Я не должна идти к нему! Я не должна! А сердце при каждом крике обрывалось куда-то вниз, падало больно, билось в груди, будто птица в клетке. Ксения закусила губу, стала читать мысленно житие святых, что так часто повторяла в скиту, но не могла не слышать этого зова, рвущего ее душу. Он замолчал вскоре, успокоенный тихим голосом Катерины, видимо, приняв ту за нее, что так настойчиво звал, но его голос зовущий все звучал в голове Ксении, ни на миг не умолкая.
Он мой ворог, робко вдруг сказал разум и заставил вспомнить, как горел скит, как насильничали над черницами и белицами ляхи, как шипела в лицо свои обвинения матушка. Но перед глазами вместо этих картин встали глаза Владислава, полные нежности и тепла, зазвучали не крики боли, а его шепот: «Моя драга… моя кохана…».
На плечо Ксении неожиданно опустилась тяжелая ладонь, но она даже не шевельнулась, не оглянулась на стоящего позади нее.
— Пахолики нашли дым в лесу, — глухо произнес Ежи. — Сбираться надо да туда ехать.
Она повернула к нему заплаканное лицо, сначала не поняв, о каком дыме тот говорит, а потом кивнула, быстро поднялась с колен, избегая хмурого взгляда усатого ляха.
— Я вот иногда, ведаешь, о чем думаю? — вдруг произнес он, когда она уже отходила от него прочь, но замерла, услышав его голос. — Кем ты послана была в жизнь его? От рогатого ли или от Отца Нашего? И зачем? На гибель или на благо? Вот что уразуметь не могу до сих пор.
А мне, хотела ответить Ксения, мне на что тоска эта сердечная?
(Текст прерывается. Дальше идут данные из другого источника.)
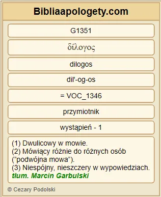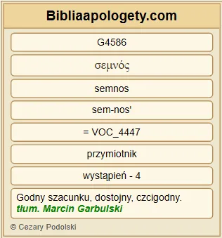 | L07 | 1Tm3_8 | Diakonami G1249 tak samo G5615 winni być ludzie godni G4586 , w mowie nieobłudni G1351 , nie nadużywający G4337 wina G3631 , niechciwi brudnego zysku G146 , |

И от кого мне морок этот послан, что никак вытравить из себя не могу? Но ничего не ответила она Ежи, прикусив губу, пытаясь остановить слезы так и катящиеся без устали из глаз.
Да тот уже и не ждал ответа, а руководил пахоликами, сооружавшими из шатра подобие носилок, чтобы отвезти шляхтича своего под кров дыма, что высланные в округу дозорные неожиданно отыскали в лесу. Дым этот был невелик — небольшой сруб под крышей из березовой драни, пара построек да небольшая крытая площадка — сенник, где ныне лежало укрытое от дождя сено, заготовленное для скотины. Заслышав ржание лошадей, в дверях избы показалась фигура, в которой сквозь пелену вдруг снова припустившего дождя разглядели женщину. К ней подошел Ежи, оставив лошадь свою и остальных путников за заметом, показывая тем самым, что прибыл он не с угрозами. Они о чем-то переговорили с женщиной, что потом отставила в сторону вилы, махнула рукой, мол, заезжайте скорее. Пахолики тотчас двинулись на двор, аккуратно везя подобие носилок, на которых лежал больной, снова затихший, провалившийся в глубокий сон.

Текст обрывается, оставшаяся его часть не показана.